→ PROVIDED RECORDS:
┏━━

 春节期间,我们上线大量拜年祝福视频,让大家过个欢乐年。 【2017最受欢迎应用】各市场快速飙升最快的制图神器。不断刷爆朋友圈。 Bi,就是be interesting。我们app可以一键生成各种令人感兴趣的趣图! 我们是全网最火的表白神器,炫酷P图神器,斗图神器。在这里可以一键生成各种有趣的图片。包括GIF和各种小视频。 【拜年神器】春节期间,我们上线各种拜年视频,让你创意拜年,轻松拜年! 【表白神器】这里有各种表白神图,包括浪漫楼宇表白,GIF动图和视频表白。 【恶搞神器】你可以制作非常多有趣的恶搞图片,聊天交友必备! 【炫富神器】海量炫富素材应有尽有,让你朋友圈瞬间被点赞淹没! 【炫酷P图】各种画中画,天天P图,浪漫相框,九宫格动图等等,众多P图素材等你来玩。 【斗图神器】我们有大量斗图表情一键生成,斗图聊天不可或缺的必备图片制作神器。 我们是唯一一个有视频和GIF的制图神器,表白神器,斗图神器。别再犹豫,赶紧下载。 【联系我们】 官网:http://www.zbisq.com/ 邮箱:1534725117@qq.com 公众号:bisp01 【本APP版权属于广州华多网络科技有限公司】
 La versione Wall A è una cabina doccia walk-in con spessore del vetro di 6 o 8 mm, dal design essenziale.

┗━━
┏━━

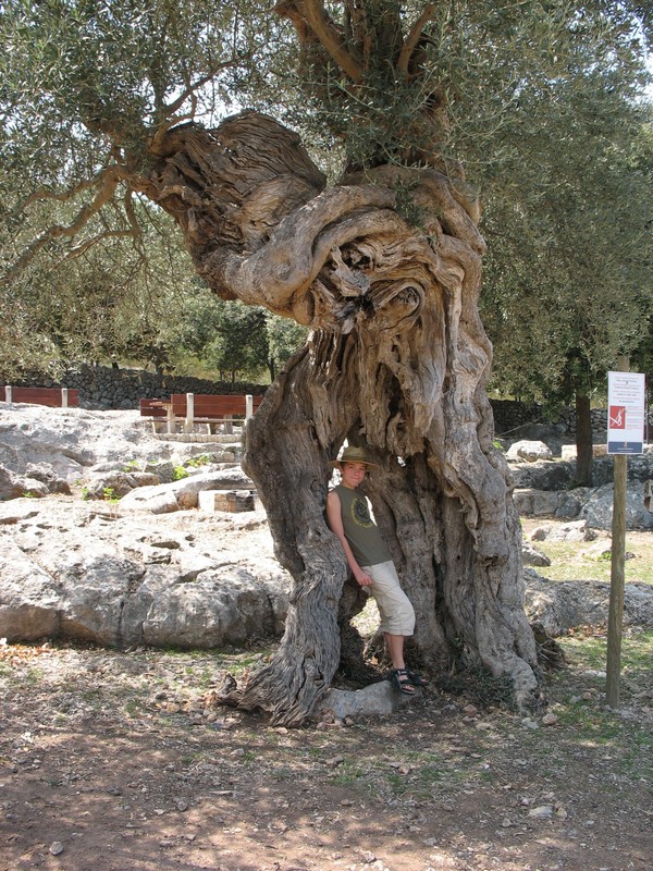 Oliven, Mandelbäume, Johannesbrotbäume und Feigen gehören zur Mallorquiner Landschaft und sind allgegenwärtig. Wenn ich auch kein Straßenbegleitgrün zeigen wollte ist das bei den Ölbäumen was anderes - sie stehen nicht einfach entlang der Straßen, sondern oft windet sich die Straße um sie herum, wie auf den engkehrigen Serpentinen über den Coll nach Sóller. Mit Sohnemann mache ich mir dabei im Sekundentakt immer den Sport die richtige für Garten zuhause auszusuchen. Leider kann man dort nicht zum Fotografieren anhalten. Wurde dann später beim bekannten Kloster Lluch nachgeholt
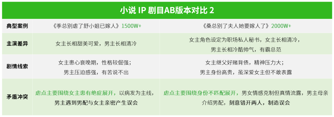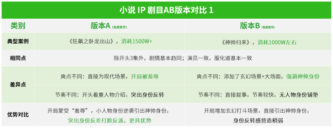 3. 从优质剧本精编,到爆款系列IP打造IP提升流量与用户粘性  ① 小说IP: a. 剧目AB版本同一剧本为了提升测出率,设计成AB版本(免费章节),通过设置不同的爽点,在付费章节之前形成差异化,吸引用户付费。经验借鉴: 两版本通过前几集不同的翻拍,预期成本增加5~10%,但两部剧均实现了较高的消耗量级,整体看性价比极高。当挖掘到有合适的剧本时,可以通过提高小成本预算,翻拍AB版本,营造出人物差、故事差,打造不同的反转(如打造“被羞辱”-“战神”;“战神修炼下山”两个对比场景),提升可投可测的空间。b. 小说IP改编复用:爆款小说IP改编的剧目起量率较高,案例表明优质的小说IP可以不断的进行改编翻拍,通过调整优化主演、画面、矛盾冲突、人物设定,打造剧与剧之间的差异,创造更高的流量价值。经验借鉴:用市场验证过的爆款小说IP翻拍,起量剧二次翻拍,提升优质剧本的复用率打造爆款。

┗━━

→ EXERCISE DETAILS: Take the entries above and return only the lines from the one with "邮箱:1534725117@qq.com 公众号:bisp01 【本APP版权属于广州华多网络科技有限公司】" to the one with "La versione Wall", both included, unchanged.

→ YOUR RESPONSE:
 春节期间,我们上线大量拜年祝福视频,让大家过个欢乐年。 【2017最受欢迎应用】各市场快速飙升最快的制图神器。不断刷爆朋友圈。 Bi,就是be interesting。我们app可以一键生成各种令人感兴趣的趣图! 我们是全网最火的表白神器,炫酷P图神器,斗图神器。在这里可以一键生成各种有趣的图片。包括GIF和各种小视频。 【拜年神器】春节期间,我们上线各种拜年视频,让你创意拜年,轻松拜年! 【表白神器】这里有各种表白神图,包括浪漫楼宇表白,GIF动图和视频表白。 【恶搞神器】你可以制作非常多有趣的恶搞图片,聊天交友必备! 【炫富神器】海量炫富素材应有尽有,让你朋友圈瞬间被点赞淹没! 【炫酷P图】各种画中画,天天P图,浪漫相框,九宫格动图等等,众多P图素材等你来玩。 【斗图神器】我们有大量斗图表情一键生成,斗图聊天不可或缺的必备图片制作神器。 我们是唯一一个有视频和GIF的制图神器,表白神器,斗图神器。别再犹豫,赶紧下载。 【联系我们】 官网:http://www.zbisq.com/ 邮箱:1534725117@qq.com 公众号:bisp01 【本APP版权属于广州华多网络科技有限公司】
 La versione Wall A è una cabina doccia walk-in con spessore del vetro di 6 o 8 mm, dal design essenziale.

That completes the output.